### [Records for this task]
=== Section Start ===

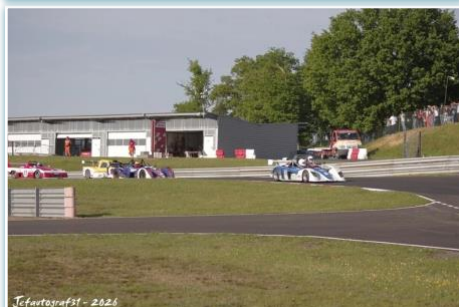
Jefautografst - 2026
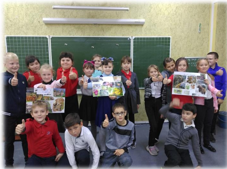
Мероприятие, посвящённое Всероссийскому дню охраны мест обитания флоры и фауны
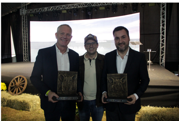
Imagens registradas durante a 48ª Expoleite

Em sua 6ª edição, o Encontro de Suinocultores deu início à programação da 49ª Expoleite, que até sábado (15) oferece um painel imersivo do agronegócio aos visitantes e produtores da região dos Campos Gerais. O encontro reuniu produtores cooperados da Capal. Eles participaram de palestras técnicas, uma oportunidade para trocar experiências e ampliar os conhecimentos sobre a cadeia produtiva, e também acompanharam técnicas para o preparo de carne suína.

=== Section End ===
=== Section Start ===

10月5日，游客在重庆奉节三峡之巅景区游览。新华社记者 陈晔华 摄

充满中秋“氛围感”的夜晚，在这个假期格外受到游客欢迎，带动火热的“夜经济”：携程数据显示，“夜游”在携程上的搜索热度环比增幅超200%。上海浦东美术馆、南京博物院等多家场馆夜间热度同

=== Section End ===
=== Section Start ===

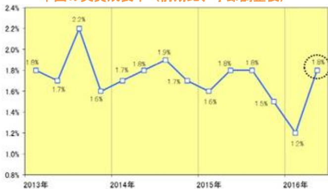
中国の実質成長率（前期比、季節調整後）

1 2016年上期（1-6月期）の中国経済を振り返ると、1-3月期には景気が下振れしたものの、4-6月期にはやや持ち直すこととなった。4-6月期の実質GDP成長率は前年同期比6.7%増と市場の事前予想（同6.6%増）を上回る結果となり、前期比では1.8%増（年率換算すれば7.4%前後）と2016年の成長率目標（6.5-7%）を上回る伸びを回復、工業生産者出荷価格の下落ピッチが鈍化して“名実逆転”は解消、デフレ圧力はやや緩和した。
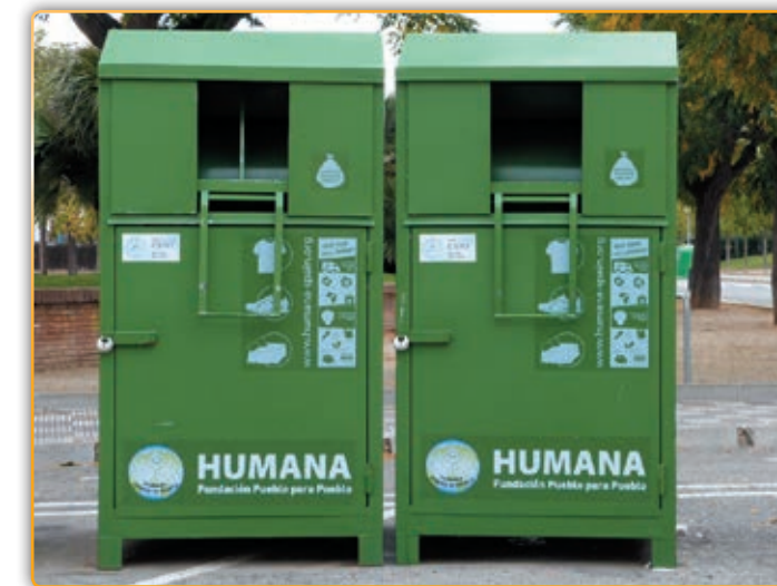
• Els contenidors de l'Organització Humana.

=== Section End ===

### [Task to carry out]
In the records above, everything from the line with "Jefautografst - 2026" down to the line with "Imagens registradas durante a 48ª Expoleite" is to be set down exactly, both ends included, with no pictures and no other lines.

### [Result of this task]
Jefautografst - 2026
Мероприятие, посвящённое Всероссийскому дню охраны мест обитания флоры и фауны
Imagens registradas durante a 48ª Expoleite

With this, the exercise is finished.